I know which medications these pets are on and which ailments they have had through out their lives.  One such pet has “white coat anxiety” but is still happy to see me.  I believe that he realizes that I might have to give him a needle or some other such thing, but he trusts that I won’t really hurt him.  He still bounds to the door when I come by and  doesn’t leave my side the whole time.  Being in his own home has also helped to decrease his anxiety and he is happy to welcome me, while he begs for hugs.  I have been there through each of the ailments he has had since a puppy and I know which medications he is on long term, as well as periodically.  Together, with his owners we have worked through the years to keep him as healthy as possible.  


Since I have started my own business I am afraid that I will not get to see as many of these patients.  I am not allowed to tell my old clients that I am working on my own now and so most don’t know where I am.  It breaks my heart because I really have watched these patients grow.  Despite any efforts not to, I have become attached to each of them.  You see, I love my job. I love the science and the mystery of medicine; I love the technical advancements which have made my job both more complicated and more efficient.  I love making pets healthier and clients more educated about their pets, but most of all I love the relationships I have formed over the years.  I love watching that puppy or kitten grow into a lanky juvenile and then into a confident adult pet, and although I hate to see them get old, I have always been glad that I have been there for them through the bad times as well.  

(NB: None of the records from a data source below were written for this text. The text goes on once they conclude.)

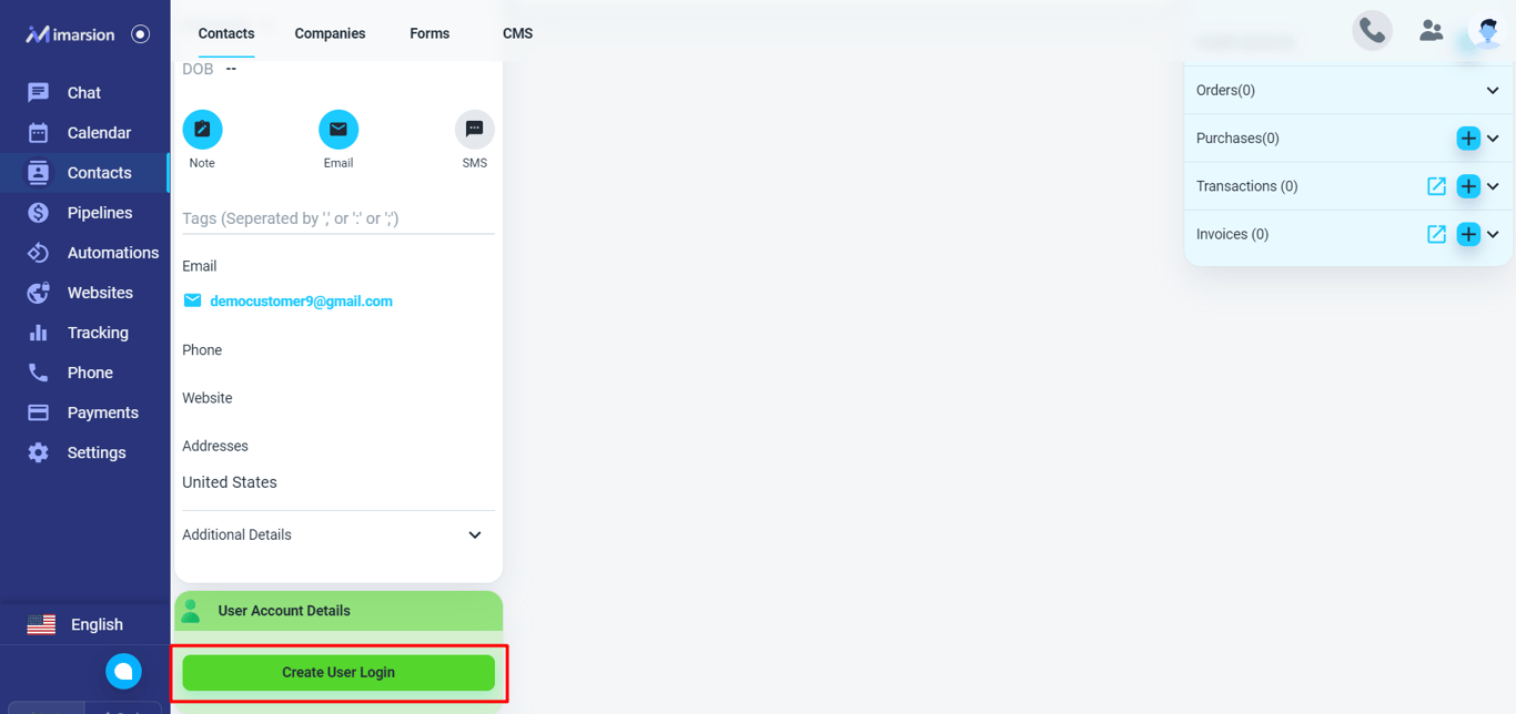 Please, create a contact for the user if you don’t have that already. Please, click on the ‘Database’ menu on the left menu bar. Once the page is loaded, click on the ‘Create Contact/User’ button.
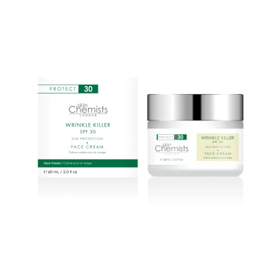 Shield and rejuvenate your skin with skinChemists SPF30 Wrinkle Killer Sun Protection Day Moisturiser. This powerful multi-tasking formula combines the best of both worlds: broad-spectrum sun protection and advanced anti-aging benefits.. Key Benefits:. Hybrid Broad-Spectrum SPF 30: Offers balanced protection from harmful UVA and UVB rays, preventing premature aging and sun damage.. Hydration & Anti-Aging: Deeply hydrates and plumps the skin.. Nourishing & Soothing: Sweet Almond Oil nourishes and softens, while Aloe Vera and Chamomile Extracts soothe and calm irritated skin.. Antioxidant Protection: Tocopherol (Vitamin E), Beta-Sitosterol, and Squalene neutralize free radicals and protect the skin from environmental damage.. Gentle Exfoliation: Citric Acid promotes cell turnover for a brighter, more even complexion and refined texture.. Lightweight & Non-Greasy: The hybrid formula absorbs quickly, making it ideal for daily use under makeup.. Targets: Those seeking daily sun protection and anti-aging benefits in a lightweight moisturizer.. Skin Type: Suitable for all skin types, especially those concerned with sun damage and aging.. The Power of a Hybrid Formula. This unique formula blends chemical and mineral UV filters for comprehensive protection:. Physical SPF (Titanium Dioxide & Zinc Oxide): Creates a barrier on the skin to reflect and scatter UV rays.. Chemical SPF (Homosalate, Octocrylene): Absorbs UV rays and converts them into harmless heat.. Together, they offer:. Broad-Spectrum Protection: Against UVA and UVB rays.. Enhanced Stability: More effective protection over time.. Lightweight & Comfortable: Easy to apply and wear under makeup.
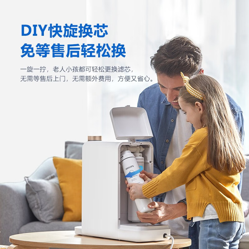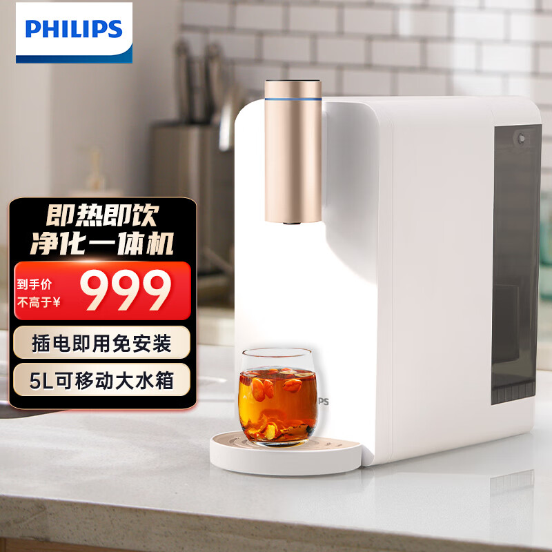 飞利浦(PHILIPS)净水器家用 净水器加热直饮一体机 台上式免安装即热直饮水机 RO反渗透净水器 双芯大水箱 经济款双滤净化ADD6813价格:999.00元!
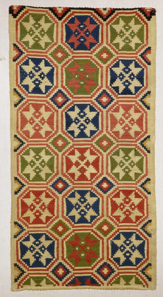 The design of stars in octagons was used in Albo and the neighbouring districts. Dates woven into or embroidered on similar examples in Swedish collections show that it was used at least between 1761 and 1825.
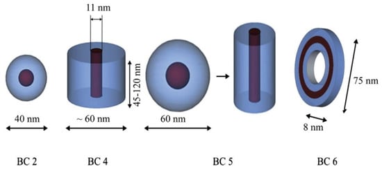 Aminopropylisobutyl POSS (ap-POSS–Br)-initiated polymerization of methylmethacrylate (MMA) and methacrylisobutyl POSS (MAPOSS) was reported to produce self-assembly into 150–300-nm core–shell micelles with ap-POSS/MA-POSS as the core and poly methylmethacrylate (PMMA) as the shell, or core–shell–crown micelles with poly methacrylisobutyl POSS (P(MA-POSS)) as the core, PMMA as the shell, and ap-POSS as the crown when P(MA-POSS) content was increased [107]. It was found that POSS is a powerful hydrophobic unit in the assembly of poly (acrylic acid)-co-poly(acrylate-POSS) [108]. With low POSS ratios in the copolymers, i.e., 40 to 110 acrylic acid repeat units to one POSS, the copolymers could self-assemble to form nanoaggregates. Increasing the volume fraction of insoluble blocks could result in morphological transformations (Figure 7) [109]. The solvent effect mentioned showed that the copolymer POSS-b-PDMAEMA-b-PMMA self-assembled into polymeric micelles with different shapes such as spherical, rod, and necklace morphologies in various solutions [110]. In specific solvents, P(MMA-co-GMA)-b-PMAPOSS could form ordered micelle-like structures such as spherical, cylindrical, or vesicle-like morphologies by tuning the copolymer and mixed solvent compositions [109]. Controlling the length of the particular blocks also makes it possible to tune the micellar structures. Copolymers with short-range ordering generally lead to spherical micelles or cylindrical and lamellar aggregates.
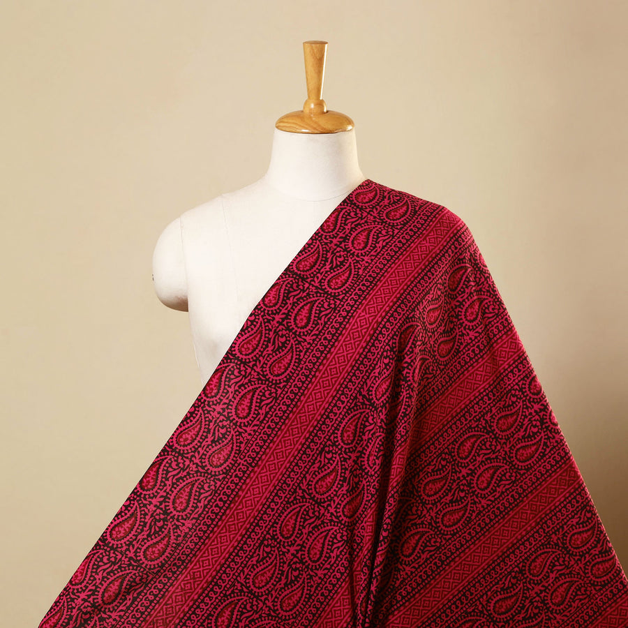 This pink bagh print fabric is hand block printed by master artisan Umar Faruq Khatri from Bagh, Madhya Pradesh. Crafted using natural dyes and traditional techniques, it features geometric motifs on cotton. Ideal for garments, accessories, or home décor, this fabric reflects the essence of heritage with everyday usability.
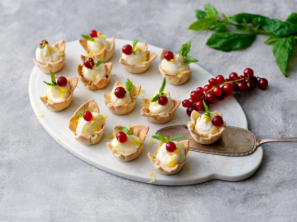 Ljuvliga små krustader med citronkräm och färska bär. Perfekt till buffébordet eller som en fräsch dessert på sommaren.
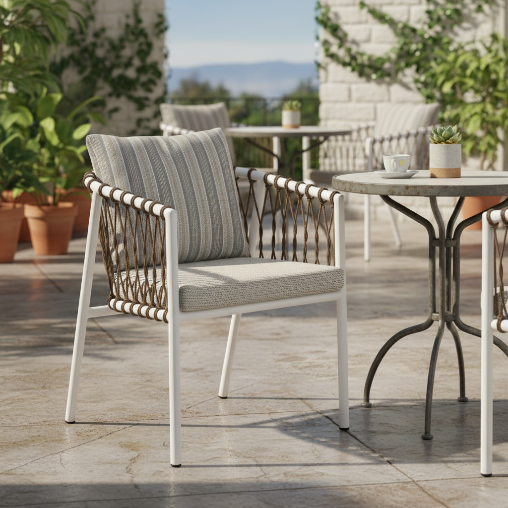 Modern dış mekan yaşam alanlarınız için tasarlanan bu şık sandalye, estetik ve dayanıklılığı birleştiriyor. Paslanmaya karşı dirençli beyaz elektrostatik boyalı sağlam metal iskeleti ve hava koşullarına dayanıklı kahverengi sentetik ip dokuma detayları ile yıllarca güvenle kullanabilirsiniz. Suya ve güneşe karşı korumalı, kalın ve yumuşak oturma minderi (ayrıca çizgili sırt yastığı) sayesinde Sandalye konforunu dış mekanda lüks bir seviyeye taşıyor. Balkon, teras ya da bahçenizdeki oturma düzenini tamamlayacak, rahatlık arayanlar için ideal bir seçimdir. Kafe ve restoran gibi işletmeler için de dayanıklı ve stil sahibi bir alternatiftir.

Now, I am starting over.  There will be new puppies and kittens and I will walk through the stages of their lives with them and I will be more than happy to do so.  In fact, I can’t wait.  But part of me is a little sad that I may never see some of those very special pets with whom I have built relationships with over the past years.  











Tuesday 13 November 2012

Facing Fears


As excited as I am about starting this new adventure and working as a house call veterinarian, I have to admit that I also experienced some trepidation.  Along with the usual apprehension that comes with opening a new business I was also concerned that people might not call, that they might not accept me into their homes or perhaps they wouldn't understand how the whole at home veterinary experience would work.  Among those fears was also the “Fear of the Aggressive Dog”.   For the most part, dogs are good and kind and happy to see me, even in a clinic environment.   There is however, that subpopulation which really would rather have nothing to do with me, or maybe even eat me if they could.  How am I to handle these dogs on my own, on their turf?  In a clinic setting we sometimes have to have all hands on deck just to look at some of these dogs.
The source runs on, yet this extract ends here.